Adam, my personal experience is of a catch 22 in nature in that accelerators and vc today, will not accept you without a technical co founder yet some circumstances such as (geographic location, age, idea maturity etc) make it extremely unlikely that you would find one.
SaveOnDev.com is a company that tries to solve this problem but I will not digress.
From what I can tell investors have 2 main arguments: (1) as you search for a business model you'd need to pivot quickly and often so you need someone sitting across the table from you to react fast with technical modifications (2) the ability to attract a tech co-founder (i.e. get some guy to drop everything and join you) is a natural filter on the idea and on the charisma of the founder.
Whileboth of these arguments carry weight - I believe they reek of herd mentality and are dangerous to the vc industry over the long term.

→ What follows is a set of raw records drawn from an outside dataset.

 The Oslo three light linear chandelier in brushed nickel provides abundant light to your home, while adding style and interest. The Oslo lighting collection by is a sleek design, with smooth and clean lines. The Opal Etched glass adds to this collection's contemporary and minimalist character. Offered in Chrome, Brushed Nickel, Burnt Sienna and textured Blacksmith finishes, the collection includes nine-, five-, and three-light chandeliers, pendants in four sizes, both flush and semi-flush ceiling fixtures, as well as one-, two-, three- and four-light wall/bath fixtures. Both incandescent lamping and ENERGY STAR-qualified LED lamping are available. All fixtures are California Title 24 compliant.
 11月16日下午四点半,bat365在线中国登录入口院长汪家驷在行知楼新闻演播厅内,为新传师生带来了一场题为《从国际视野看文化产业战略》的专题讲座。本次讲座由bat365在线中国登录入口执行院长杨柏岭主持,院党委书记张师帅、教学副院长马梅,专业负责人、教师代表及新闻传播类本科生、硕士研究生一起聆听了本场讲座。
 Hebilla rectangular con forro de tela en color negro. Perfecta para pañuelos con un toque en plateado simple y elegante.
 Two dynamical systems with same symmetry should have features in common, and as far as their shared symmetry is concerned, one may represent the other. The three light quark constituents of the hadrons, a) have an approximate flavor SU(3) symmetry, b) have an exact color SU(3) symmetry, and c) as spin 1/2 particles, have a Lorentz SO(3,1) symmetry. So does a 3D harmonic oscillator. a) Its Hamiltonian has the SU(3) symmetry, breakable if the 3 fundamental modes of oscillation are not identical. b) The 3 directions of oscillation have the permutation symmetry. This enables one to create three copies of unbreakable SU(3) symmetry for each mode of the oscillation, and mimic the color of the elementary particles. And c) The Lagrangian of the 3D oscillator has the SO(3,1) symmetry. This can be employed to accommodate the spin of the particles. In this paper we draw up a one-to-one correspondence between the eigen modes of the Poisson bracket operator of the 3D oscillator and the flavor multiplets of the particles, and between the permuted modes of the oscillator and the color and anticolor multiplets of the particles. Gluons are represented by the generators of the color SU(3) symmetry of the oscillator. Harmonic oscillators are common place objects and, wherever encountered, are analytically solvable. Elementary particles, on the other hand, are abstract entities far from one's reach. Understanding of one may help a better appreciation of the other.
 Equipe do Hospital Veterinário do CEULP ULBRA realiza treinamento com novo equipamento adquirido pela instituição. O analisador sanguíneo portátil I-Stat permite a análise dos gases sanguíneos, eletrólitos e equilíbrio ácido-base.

I observe that most accelerators and vc would want to invest in teams that have something built already and some traction and ideally if you already had an exit before. They want to reduce their risk.
Now, who do you think have something built and some traction and would go to accelerator or vc for 50K? I'd say products that will remain sluggish at best and also want to reduce their risk!.
So it appears to me that the investors themselves are creating a natural filter of their own you see? and a not very good one.
Those arguments also ignore real-world experience because in many investment circumstances vc and accelerators 'play' with other people's money. This bias creates a lot of second order consequences that I may expand upon next time but the idea is that few would look at you for who you are, what have you achieved so far etc. If you don't fit the template that everyone is using - they pass. In this respect you'd better off talking to Angels.
I agree with the previous commentators that managing the project professionally (i.e. knowing what you doing) and keeping ownership of the code and making sure it is written in a way you could take it in house is crucial. However, all this would not solve the funding problem.
the benefits of using a dev studio is that you have access to all the skills set you need; If you choose the right one, they would never leave you behind enemy lines for other customers; some of them can also add value on business model customer development and they can write code faster than a single co founder programmer could. oh, and cost less!